Kalamazoo Academy of Rock instructor Jeff Mitchell takes over on piano while Owen Edwards, 14, does a saxophone solo. Edwards is the youngest member of the band but has been in the academy since he was just 9 years old.
Credit Rebecca Thiele, WMUK
Kalamazoo Academy of Rock instructor Jeff Mitchell takes over on piano while Owen Edwards, 14, does a saxophone solo. Edwards is the youngest member of the band but has been in the academy since he was just 9 years old.

This semester the academy has five bands. The Thursday night band may be teens, but they’ve been playing together for about three years.

“Beyond just learning how to play like coming here you learn how to perform, which is really hard to learn without being up there," says 18-year-old guitar player Ben Dunham.

"Cause like I know especially when I started like I could play guitar really well but I just kind of sat in the back and I wasn’t exciting to watch.”

The band's other guitar player Kevin Rice, 17, says it should be every musicians goal to play with as many other musicians as possible. 

“I have a buddy who listens to smooth jazz who I recently began playing with and it is a completely different idea. You start with this one sound and somebody with an influence comes in and it can completely change the way you’re playing. And so it’s a really big deal to play with other human beings. Sure you can be a hip hop artist and go turn on your drum track and put something together on the computer and go into a recording studio and put down some really nice vocal tracks. And it’ll sound good, but you will never truly get the musicians experience of playing with the other people.”

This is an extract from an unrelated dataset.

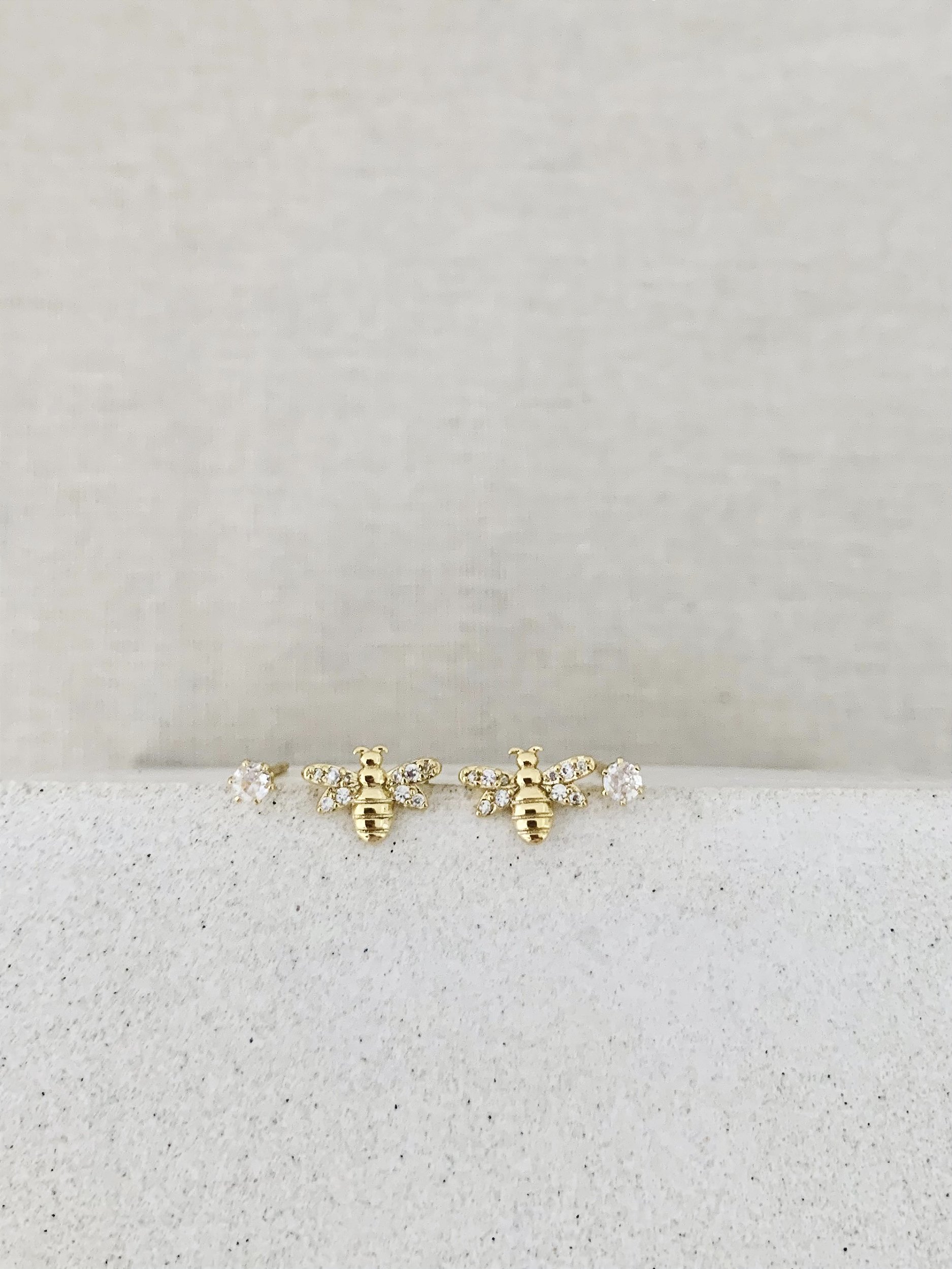 O brinquinho Apis com um ponto de luz pequeno em caixa alta, é a sua nova dupla preferida. Delicados e estilosos, eles deixam a composição harmonica e com um brilho especial. Os fechos são pino e tarraxa.

As far as the set list goes, Mitchell says no song is too complex. They play everything from classic rock to more contemporary artists like Arctic Monkeys. 

Bassist Malachi Cox (left) and guitarist Kevin Rice (right)
Credit Rebecca Thiele, WMUK
Bassist Malachi Cox (left) and guitarist Kevin Rice (right)

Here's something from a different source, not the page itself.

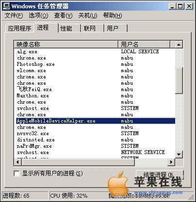 替換前注意備份iTunesMobileDevice.dll文件。如果文件無法替換,說明那是iTunes的后臺服務還在運行,用任務管理器關(guān)閉ituneshelper.exe和下圖中的進程就可解決問題。

“These kids like the challenge. They encourage the challenge. They want the challenge," he says. "And so, yeah, it’s up to us to keep stretching them. Keep finding something that helps them grow.”

Most of the instructors from the academy of rock are all in local gigging bands like Flypaper, The Mainstays, and Full Frontal Cortez.

Mitchell says this academy is an opportunity none of the instructors had as a kid.

“’Boy I wish there was something like this around when I was in my teens.’ Yeah, I hear that from our teachers and a lot of other active musicians around and just adults," says Mitchell. "You know this is…teaching rock is kind of what jazz used to be. It’s kind of shunned—not shunned exactly, but not accepted as a proper art form.”